I haven't written much lately. The truth is that I have tried--and failed--several times to organize my thoughts enough to make sense of them fit enough for others to read. My mind rambles on and spins in wide circles of logic and reason. Am I insane? Am I demented? Am I alone in my frustrations? I don't think so, but I'm trying to keep it together when the rest of the world has gone nuts. Or so it seems to me.
Growing old is hard enough all by itself. Having to accept that I can no longer do things that used to give me joy--many, but not all of them due to my own stupidity through the years of taking care of everyone but myself. But that's another topic, altogether. I have not grown disabled gracefully. I have fought it every step of the way--complaining and whining the entire time. You don't need to feel sorry for me because I feel sorry for myself enough for all of us. Still, I've been fighting my own battles with limited success.
Then along came Donald Trump. I consider myself to be a pretty good judge of character. I never cared for D. Trump as a private citizen whose life was quite public. When he decided to go into politics, I considered it a joke. America was too smart to elect this man...and then they did. I took it personally. I was mortified! I became seriously depressed by all that I was seeing, and that depression remains to this day. In fact, every day is some new nail in the coffin of his flagrant violation of law in this wonderful nation of ours. I have inadvertently been radicalized against Donald Trump just by listening to/watching him. No other influences. And now, we are in another election cycle, and the hits just keep on coming.
I freely admit that news from or about Mr. Trump triggers me into sarcasm and dark moods. It raises my blood pressure and keeps me angry, which I don't need. I simply can't stand the man. I don't like to look at him, and I don't like to hear him speak. I have stopped watching national news, from any source. I've stopped reading the comments after articles on Facebook. I have tried to be a voice of reason in an unreasonable world, but sometimes that feels empty and unheard.
And then along came COVID-19. It was predicted. It came. It's still here. I am high risk, so I've had to isolate myself more than what I already was. I had to cancel two trips to Seattle for family celebrations. Everything shut down. I was lonely before, but COVID made it worse. I wore a mask. I stayed at home. I allowed no one in my house, and I went nowhere. I washed my hands and used hand sanitizer when I couldn't. I did it all so that the pandemic might be shortened and I might be spared long enough to see my beloved family again. Unfortunately, a bunch of Americans decided that they shouldn't be fettered by restrictions, so they refused to follow the advice of health officials and even state governors. And the resistance was led by none other than "our" president, Donald Trump. So now, so many months later, there has been no progress with conquering the virus, and I am still as isolated and alone as ever--and even more frustrated because I DID what was asked, while others didn't, and now I am classified as a sheep...afraid of my own shadow...a "Boomer" who could very well die of other things before the virus comes around. True, I guess.

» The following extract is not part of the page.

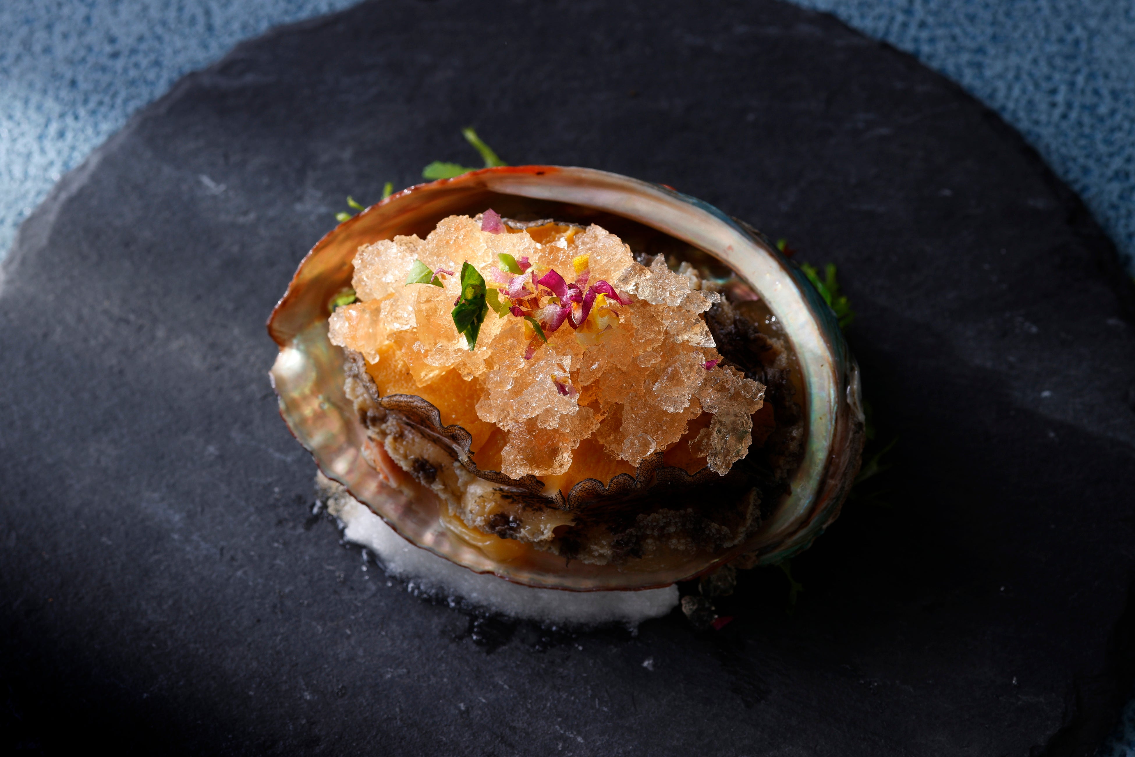 〇 蝦夷鮑の冷菜 上湯スープジュレ ¥3,800 (税・サービス料込)

I confess that I am terrified. I live alone. My daughter and family live 2,000 miles away under quarantines of their own. If I were to fall victim to my age or the virus, my only child wouldn't be able to be with me for my last breath. I don't particularly relish the idea of dying alone, yet I have this unnerving feeling that I will never get to see my family again. But nobody wants to hear that from me because they don't know how to deal with the unfortunate truth.
A couple of days ago, I received an email "forward" from the leader of my adult Sunday school class. She said it was "something to think about". It was political, starting out as something for Christians to read on both sides of the political fence, as if it was going to be a study of bipartisanship for people of faith. It included lots of !! and even more capital letters. The bottom line conclusion was that the only voting choice for true Christians was Donald Trump. Yikes! I was instantly triggered! My BP went up. I saw red and didn't know what to do with my ire. My knee-jerk reaction was to respond to the email with a nasty note, but I truly love the woman that sent it and didn't want to risk offending her.
I called my friend Judy who also goes to my church. She is of the "other" persuasion, which is the reason we don't talk politics, but I knew she would have calming words. And then I put a call in to my pastor, asking that he or his wife (whom I know and love) would call back. SHE did, from Memphis, TN, where they were vacationing at their daughter's. I mentioned why I was calling, and she put her husband with us on speaker. We talked and prayed together. We discussed the best way for me to deal with the situation. I left the call feeling better.
The next day (yesterday), with a whole day between me and the offensive email, I had a choice between writing an email in response or just calling to talk to the sender. I decided to call. I'm so glad I did! We talked about so many things--laughed together, cried together, and expressed our love for each other. I got my point across in non-offensive ways (or so I think). I felt good about it.
Still, nothing has changed. Doesn't take much to trigger me, but I am trying to comprehend the other side of every side of every story. I'm still alone. I still don't like Donald Trump. I'm still at risk for the Covid virus. I'm working overtime to save myself from the things that trigger me, but it ain't easy!